Email Marketing: How to Make the Fine Print Count

Effective advertising comes in many forms, but the vast majority of those will include fine print.  What does the average person do upon seeing these advertisings, particularly those that are offering a great deal?  They read the fine print to find ‘the catch’.  We’ve been trained throughout our years on this planet to be skeptical of great deals.  In essences, the fine print can make or break an advertising ploy, in many cases.  However, as a marketer, you should stop and consider how valuable this information is. Knowing that a lot of people are going to take the time to read the fine print, means that you have the chance to do something great. In recent years, there have been many blog posts and articles about removing fine print.  This movement is meant to improve transparency, improve the company’s trustworthy image in the mind of the consumer, because the advertising doesn’t need a disclaimer.

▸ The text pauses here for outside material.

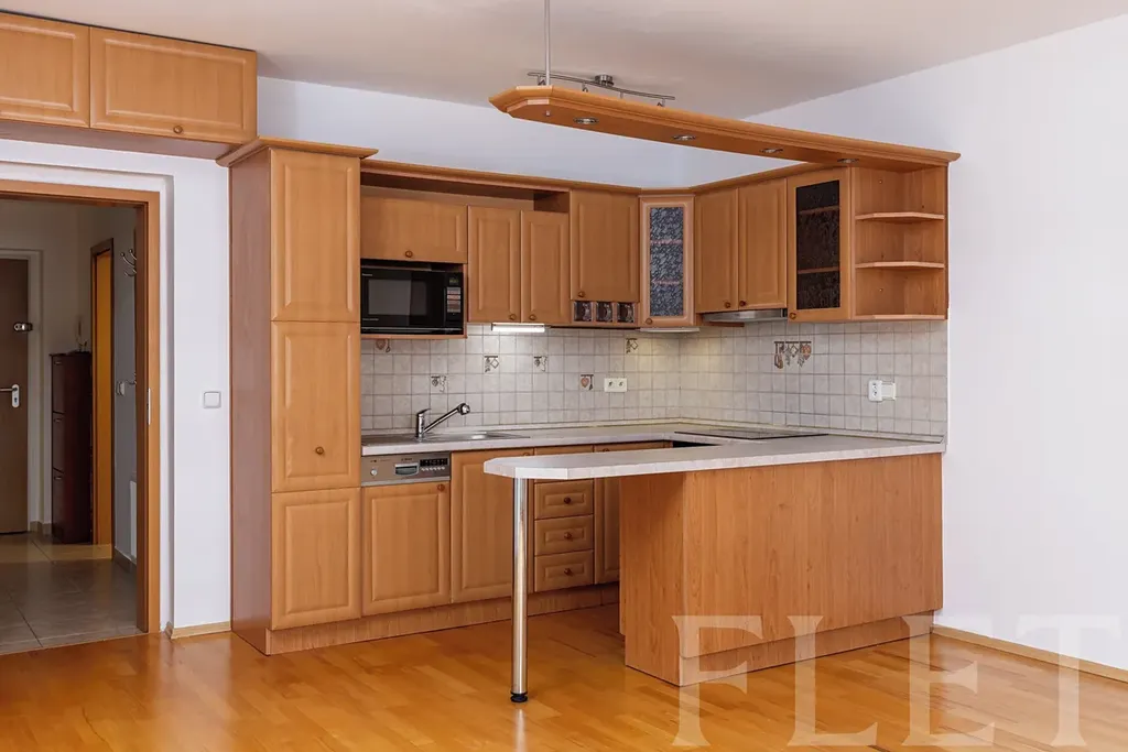 Kuchyňská linka je vybavena spotřebiči: lednice s mrazákem, myčka, elektrická trouba i mikrovlnná trouba. V koupelně najdete vanu pro příjemný relax i pračku, takže máte vše potřebné pro pohodlný každodenní provoz. Praktickým benefitem je i dostatek úložných možností, které pomáhají udržet byt vzdušný a uklizený.

Before you go ahead and scrap that portion of your email, though, consider what value it could offer to your campaign.  Remember, no one ever said that fine print had to be reserved for information to be perceived as negative.  Though that might be what the consumer expects to find there, you could do much more with your fine print.

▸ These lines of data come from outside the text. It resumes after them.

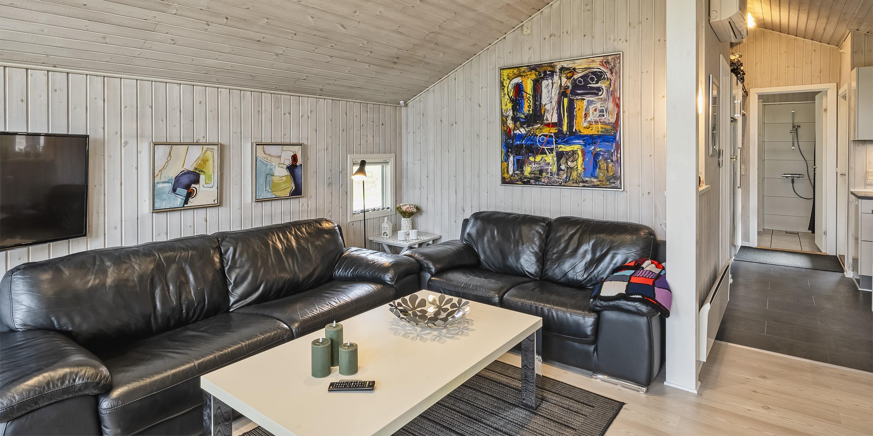 3 soveværelser. 2 med dobbeltseng 180x200 cm. 1 med 2 enkeltsenge (á 90x200 cm)
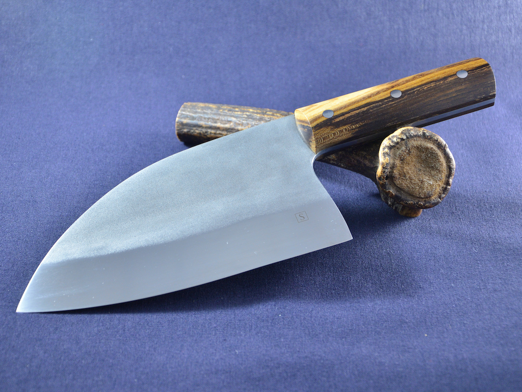 Als Stahl habe ich SB1+ verwendet, ich ein Platte für diese Größe in meinem Bestand. Und für Küchenmesser ist der Stahl eh meine erste Wahl.
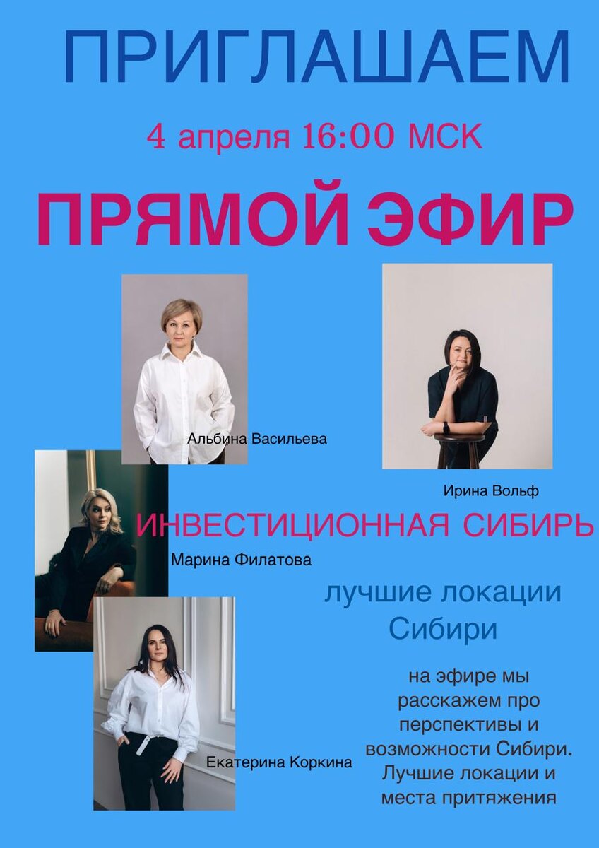💥Уже сегодня в 16-00 МСК Приглашаем вас на прямой эфир 🔸Сибирь – перспективное направление для инвестиций💰💰💰. 🔸Какие стратегии инвестирования работают здесь. 🔸Будет интересно. Заходите.

Offer More Value Sending out a coupon in your mass email?  Reward those who read the fine print, by offering them an addition coupon code or a better deal if they mention the fine print at the time of purchase.

The ‘And Don’t Forget’ Statement This can also serve as a great way to remind consumers about an upcoming event, a new product, or something that corresponds with the product being advertised.  Just add a ‘and don’t forget’ statement in the fine print, and those who take the time to read it may just be intrigued enough to check out whatever it is that they were to remember.

A Message About Transparency If you like the idea of taking the disclaimer out of the advertising for the sake of improving your image, then consider this approach first.  Include a short message to the consumer in fine print about how your company values transparency. “Thanks for taking the time to read, but there are no exceptions to the discount.  Use it when you want and toward any product in our store.’  This is an example, of course, and your statement would change based on the purpose of your advertising, but the message is clear, ‘we like that you are taking the time to check out our ad, and we will repay the favor by being straightforward with you.’